**Assigned task**
In the entries below, find the line containing "Did you know" and the line containing "Díszítse fel szobáját". Copy those two lines and everything between them exactly, without the pictures.

**Dataset records**
··········

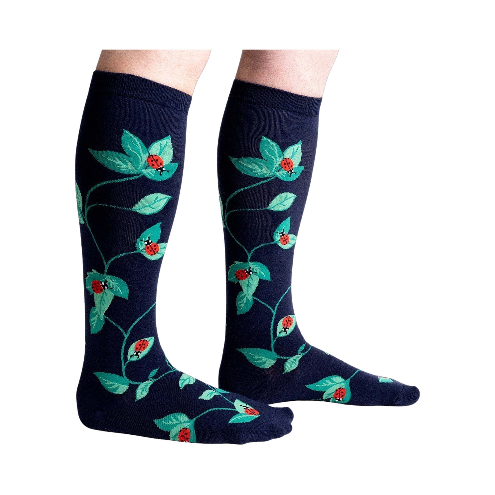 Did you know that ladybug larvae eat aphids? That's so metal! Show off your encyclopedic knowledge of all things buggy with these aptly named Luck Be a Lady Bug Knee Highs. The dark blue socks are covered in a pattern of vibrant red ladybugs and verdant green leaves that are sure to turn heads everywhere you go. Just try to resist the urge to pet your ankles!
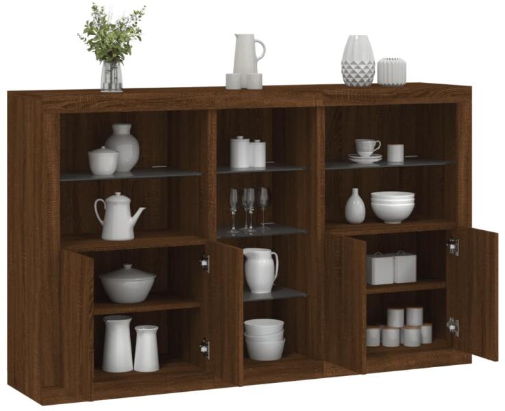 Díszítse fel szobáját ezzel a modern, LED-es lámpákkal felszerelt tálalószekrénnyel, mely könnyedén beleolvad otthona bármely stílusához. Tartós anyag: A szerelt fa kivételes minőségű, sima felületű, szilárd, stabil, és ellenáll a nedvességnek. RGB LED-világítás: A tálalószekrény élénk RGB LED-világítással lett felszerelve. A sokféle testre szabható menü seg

··········

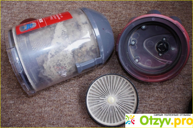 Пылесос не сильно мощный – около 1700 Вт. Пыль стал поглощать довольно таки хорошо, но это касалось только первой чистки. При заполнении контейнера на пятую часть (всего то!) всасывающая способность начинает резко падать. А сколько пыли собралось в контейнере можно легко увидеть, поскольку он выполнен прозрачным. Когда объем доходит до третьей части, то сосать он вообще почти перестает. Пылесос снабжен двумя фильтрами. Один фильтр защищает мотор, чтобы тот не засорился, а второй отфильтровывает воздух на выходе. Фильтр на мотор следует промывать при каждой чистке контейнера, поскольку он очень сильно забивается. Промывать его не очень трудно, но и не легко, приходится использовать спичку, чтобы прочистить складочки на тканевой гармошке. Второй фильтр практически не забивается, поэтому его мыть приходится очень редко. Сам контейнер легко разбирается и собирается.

··········

**Answer space**
 Did you know that ladybug larvae eat aphids? That's so metal! Show off your encyclopedic knowledge of all things buggy with these aptly named Luck Be a Lady Bug Knee Highs. The dark blue socks are covered in a pattern of vibrant red ladybugs and verdant green leaves that are sure to turn heads everywhere you go. Just try to resist the urge to pet your ankles!
 Díszítse fel szobáját ezzel a modern, LED-es lámpákkal felszerelt tálalószekrénnyel, mely könnyedén beleolvad otthona bármely stílusához. Tartós anyag: A szerelt fa kivételes minőségű, sima felületű, szilárd, stabil, és ellenáll a nedvességnek. RGB LED-világítás: A tálalószekrény élénk RGB LED-világítással lett felszerelve. A sokféle testre szabható menü seg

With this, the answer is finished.